One of my pet peeves is homeopathy. I have nothing against natural medicine - many of the pharmaceuticals out there come from plants or are related to chemicals that come from plants - but homeopathic medicine just pisses me off. The reason is that it is based on two ridiculous assumptions: 1) that like cures like - this is based on the fact that quinine taken in large enough doses causes fever like symptoms which are similar to the malaria is also cures, 2) that diluting something until it is not even there still leaves energy traces or something in the water it once touched. This is the basis for homeopathy - that quinine, which cures malaria, causes symptoms somewhat similar to malaria in large doses. To me this is like saying that since I once had a headache and had a glass of water before the headache went away that water cures headaches.

I was expecting this book to be a debunking of "alternative" medicine and it largely was. But it also made some points in favor of alternative medicine which I had never really considered.

As a science-minded person I know that research shows that vitamin C does not cure colds, cancer or most illnesses besides scurvey. But still when I get a sore throat I want to take vitamin C. Even knowing that the myth that it boosts your immune system was largely created and promoted by one man, Linus Pauling, and is mostly an invention of the media, I still believe it. Even knowing better I still feel like it helps me when I get a cold. This is because of the placebo effect which is very real. This is why in clinical studies they test medications against placebos - because just believing that something will help tends to make it actually help.
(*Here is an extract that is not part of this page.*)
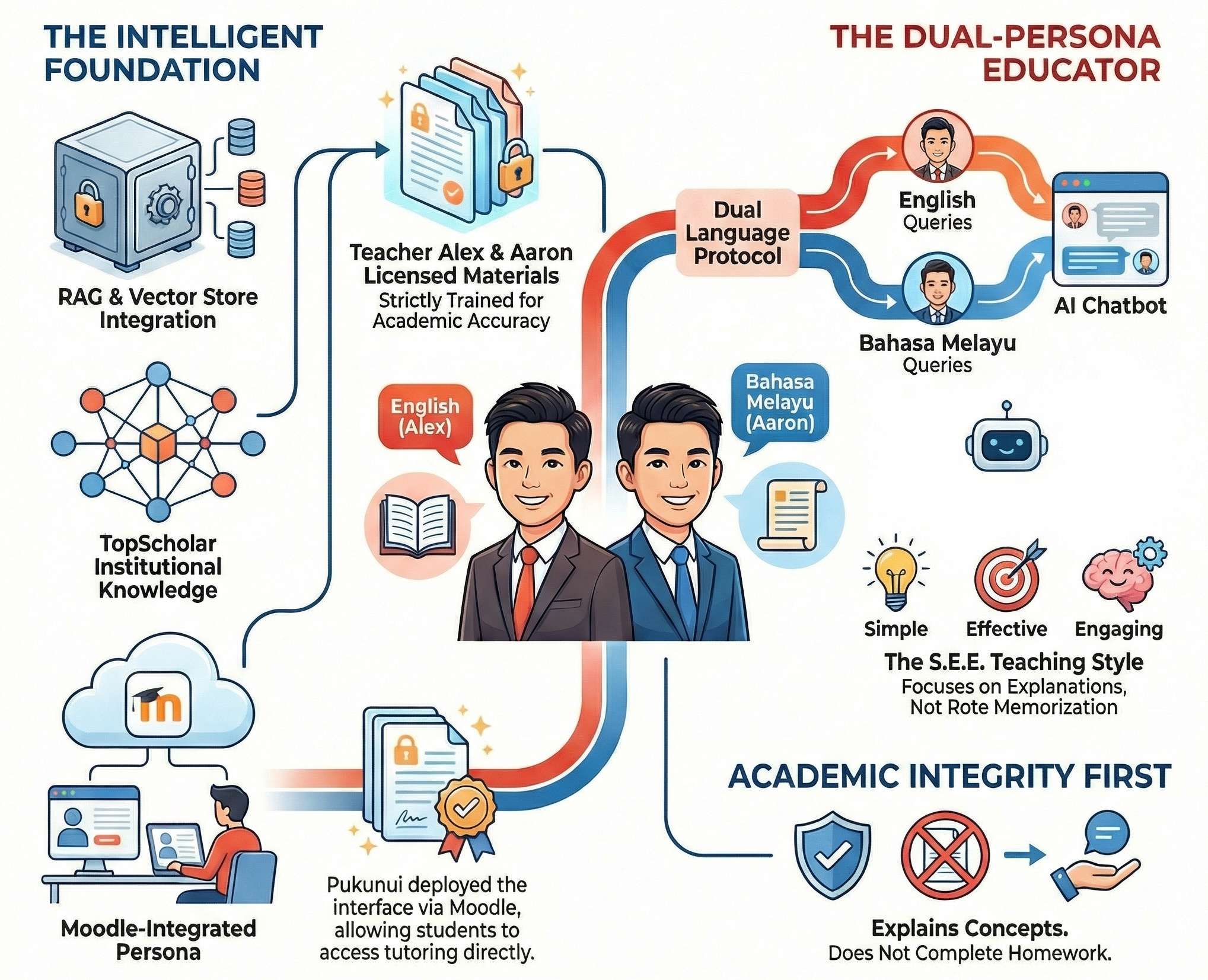 While generic AI tools like standard ChatGPT have captured global attention, the specific, nuanced requirements of a classroom environment—especially for students aged 13–17—demand a more tailored approach. Generic bots often lack the pedagogical boundaries and subject-specific expertise necessary for effective secondary education. TopScholar Education Group recognized this gap, envisioning a “Simple, Effective, and Engaging” (S.E.E.) approach to learning that moves away from the traditional “Memorise-to-Score” model. To translate this vision into a functional digital tool, Pukunui acted as the technical architect, building a custom Moodle-integrated AI reality that serves as a 24/7 personal tutor: 小AA助理 (Little AA Assistant).

While the benefits of most alternative medicine are not supported by science (if they were they would be regular medicine instead of alternative), the placebo effect makes this a somewhat murky area. When people go to the doctor for a cold there is generally not much the doctor can do. Antibiotics won't help with a cold (which is a virus) and will just promote antibiotic-resistant bacteria, but most patients expect the doctor to prescribe something. My father is a doctor and when I was a child he would tell me about some of his older patients who he would give a vitamin B12 shot to every time he saw them. He said they expected some kind of medication and they seemed to like the brightly colored vitamin B12 injections so he would give them one. Now with pharmaceuticals advertised on TV he doesn't have that option - the patients come in requesting a specific medication and he can either give it to them regardless of whether they need it or not or let them go away angry and dissatisfied. Of course this is why big pharma loves advertising direct to consumers, but it results in a lot of people taking a lot of medication they don't need, that probably won't help them, and that which may have negative side effects.
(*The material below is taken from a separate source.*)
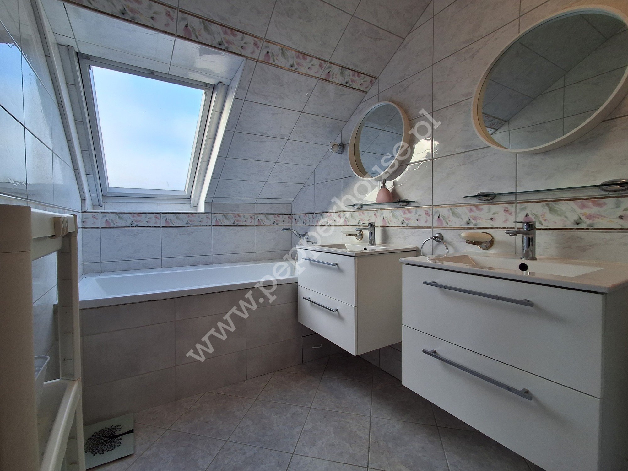 - łazienka ok. 6 m² z wanną i dwiema umywalkami,

This is where alternative medicine comes in. There is a story at the end of the book about a doctor from England who moves to Africa in the 1800s. A visitor mentions about how backwards and primitive the witch doctors were, so the doctor takes him to see a witch doctor. The witch doctor at times chants, at times waves smoke around, at times gives the patients powder and sometimes points over to the English doctor. The doctor explains to his guest that when the witch doctor is chanting the patient has a psychological problem and the witch doctor is helping just by listening and doing something. The people who were given powder had minor ailments which would resolve on their own. For the people with serious medical problems which he could not treat, the witch doctor was sending them to the medical doctor. 

In this story the witch doctor is providing a valuable service - the people who don't need medical attention get to feel better because they talked to someone who listened and gave them something. Whether what they were given actually helps is irrelevant since their problems will resolve on their own. The people who actually need medical attention are referred to the medical doctor. The difference between this story and the reality of today is that the witch doctor knew what his limits were and when to refer patients to a level of care they need. Today most alternative healers do not believe in scientific western medicine and warn their patients away from it.
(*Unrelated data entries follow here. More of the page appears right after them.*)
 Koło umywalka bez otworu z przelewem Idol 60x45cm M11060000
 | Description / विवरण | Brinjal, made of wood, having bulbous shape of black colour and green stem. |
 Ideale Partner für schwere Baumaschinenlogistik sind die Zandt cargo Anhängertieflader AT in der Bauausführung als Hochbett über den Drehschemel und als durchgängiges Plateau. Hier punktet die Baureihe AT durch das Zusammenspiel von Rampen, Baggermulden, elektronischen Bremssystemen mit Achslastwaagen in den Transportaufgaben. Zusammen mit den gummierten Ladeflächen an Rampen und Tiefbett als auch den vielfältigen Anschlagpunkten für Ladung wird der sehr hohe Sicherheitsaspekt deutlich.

There is an entire field of medical research devoted to placebo medicine so placebos definitely have a place in medicine. However for them to work requires that the patient believe it will work and the patient is unlikely to believe that if the healer does not. There is a fine line between the need for alternative healers to believe in their remedies and also be aware of when their patients need actual scientific medical care. If they can manage this I think alternative medicine has a valuable place in medicine. Unfortunately it seems that most healers are not aware of their limits.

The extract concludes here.